DIA KEMBALI

Seminggu setelah pelantikan taruna saatnya staf batalyon mencari anggota baru. Dari pihak kampus dan staf batalyon taruna telah memilih calon-calonnya. Gadis bertubuh mungil, sital, dan padat memakai seragam PDH putih pas bodi berdiri di depan papan informasi. Dia menyusuri satu per satu tulisan yang tersusun menurun. Saat dia melihat namanya terpampang, dengan riang dia mengekspresikan kegembiraannya.

"Ly, kamu masuk," seru teman-teman setingkatnya.

"Iya. Aku masuk calon staf batalyon. Aku seneng banget," ucapnya girang memeluk temannya.

"Ehem!" deheman itu menghentikan jingkrakan Ily. "Jaga sikap kamu di dalam kampus," tegur senior satu tingkat di atasnya yang sepertinya dia adalah salah satu anggota staf batalyon.

Terlihat tali koor yang melingkar di bahu kanannya.

"Maaf Sen," ucap Ily menundukkan kepalanya hormat.

"Panggil saya Poltir. Saya polisi taruni," sentaknya menatap tajam Ily sok berkuasa.

"Iya. Siap Poltir!" ucap Ily tegas.

"Bagus. Dan sepertinya kamu yang sering jalan bersama Ndan Ali dan Ndanpol Al kan? Ada hubungan apa kalian?" tanya gadis itu sinis seperti ada perasaan iri.

"Maaf Poltir, itu masalah pribadi saya," jawab Ily tidak gentar dan tidak takut dengan tatapan sok polisi taruni itu.

"Kamu berani dengan saya?" tantangnya nyolot.

"Maaf Poltir jika itu urusan pribadi saya, Anda tidak berhak tahu dan tidak punya hak ikut campur. Maaf saya permisi." Ily berlalu meninggalkan seniornya itu.

Dari jarak jauh dua masang mata melihat kejadian itu.

"Ndanpol urus anak buah kamu. Jangan semenang-menang dengan jabatan yang dipercayakan kepadanya. Aku bisa cabut sepihak jika dia melakukan hal itu lagi," peringatan Ali tegas kepada Al.

"Baik Ndan! Aku akan menegurnya nanti," sahut Al tegas terus mantap polisi taruni tadi.

"Urus dia di yontar sana!" perintah Ali tidak terbantahkan.

"Siap Ndan!" Al segera berlalu menghampiri Poltir itu.

"Poltir Linda!" panggil Al lantang saat Linda sedang berbincang bersama teman seangkatannya.

Dengan perasaan senang Linda menoleh dan menghadap komandannya. Dia sudah besar rasa karena tidak biasanya Al memanggil secara langsung.
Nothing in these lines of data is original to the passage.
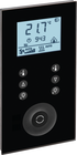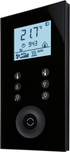 Pour la commande et la configuration sur place, six touches de fonction librement attribuables sont disponibles sur la façade en verre de l'appareil. Un générateur d'impulsions rotatif encastré avec une touche d'entrée centrale permet de modifier ou de paramétrer manuellement les réglages sur place. Les fonctions souhaitées (comme "Lumière allumée") et les valeurs d'affichage peuvent être activées facilement par un capteur de proximité lorsque l'on entre dans la pièce.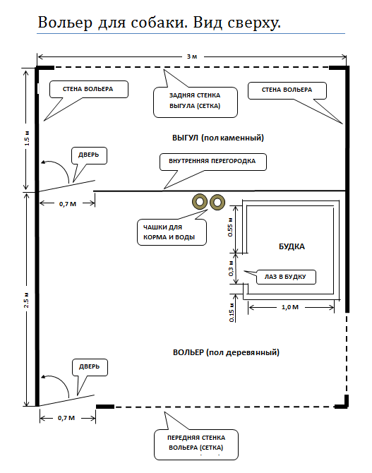Вольеры, указанные в первых двух вариантах, оборудуются будкой. Третий вариант используется для короткошёрстных пород собак, и в нём будка необязательна.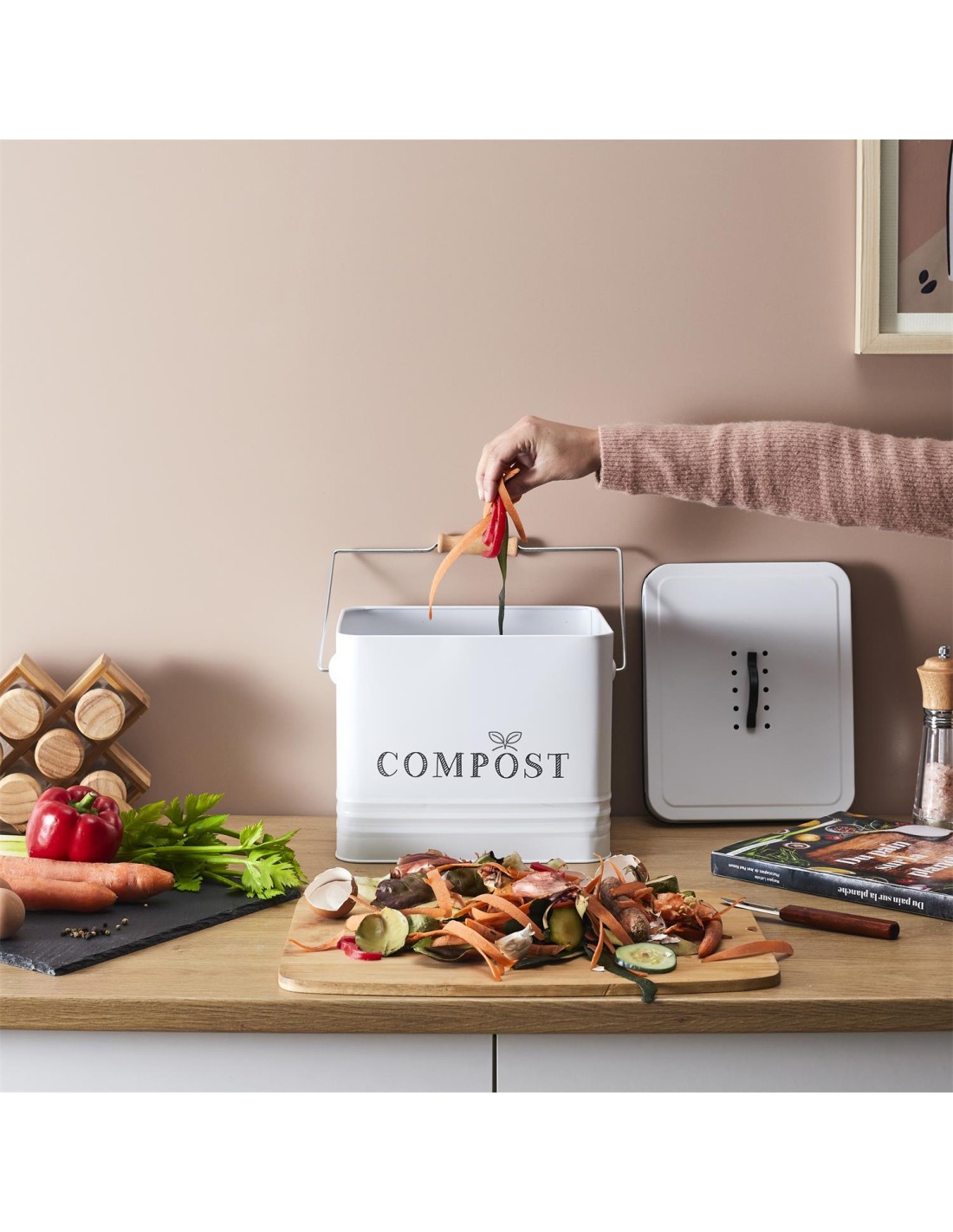 Caractéristiques sur la Poubelle À Composter En Métal 10l Blanc Home Deco Factory :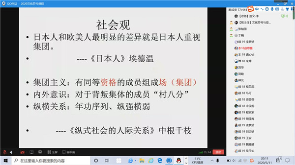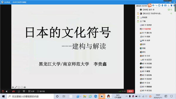副院长王永祥教授主持的“文化符号与亚洲共同体”研究项目系列讲座第八讲以在线形式顺利召开。此次讲座于19:00-21:00在QQ群举行,由王永祥教授主持,黑龙江大学李贵鑫副教授作为主讲嘉宾,以“日本的文化符号:建构与解读”为题进行了精彩演讲。QQ群中400多名南师大外院教师,本科生以及硕博研究生准时上线,聆听了本场讲座。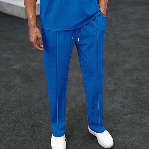 Herren Jogginghose Hose Gerade geschnittene Sweatpants Waffelhose Kordelzug Tasche Elastischer Bund Einfach Komfort Sport im Freien Täglich Mode Lässig Gelb Rosa Mikroelastisch

"Siap Ndan!" Linda menghampiri dengan senyuman merekah di bibir merahnya.

"Bisa ikut saya ke yontar?" tanya Al datar dengan wajah mengeras.

"Bisa, Ndan!" jawab Linda girang.

Al berjalan lebih dulu, dibuntuti Linda dari belakang. Hingga mereka sampai di yontar ada Dion, Rista dan yang lainnya sedang mengerjakan sesuatu. Saat Al masuk di yontar dengan wajah yang serius mereka yang di dalam yontar sudah dapat menebak jika terjadi sesuatu.

"Duduk!" perintah Al sedikit meninggikan suara.

Senyum yang tadinya terukir di bibir Linda seketika buyar berubah menjadi tegang. Perasaannya tidak enak. Linda menundukan kepala, sedangkan wajah Al sudah mengeras.

"Apa yang kamu lakukan tadi kepada junior Ily membuat saya malu. Dikira nanti saya yang tidak mengajari kamu tata tertib dan melakukan hal semenang-menang dengan junior. Sudah tertera di tata tertib kampus dan batalyon taruna, jika kita sudah memasuki lingkungan kampus atau masih mengenakan PDH jangan sekali-kali mencampurkan urusah pribadi. Paham?!" sergah Al masih dapat menahan amarahnya.

"Siap Ndan! Saya mengerti," jawab Linda gemetar. Detak jantungnya berdebar kencang karena saat Al seperti ini dia terlihat galak dan tegas.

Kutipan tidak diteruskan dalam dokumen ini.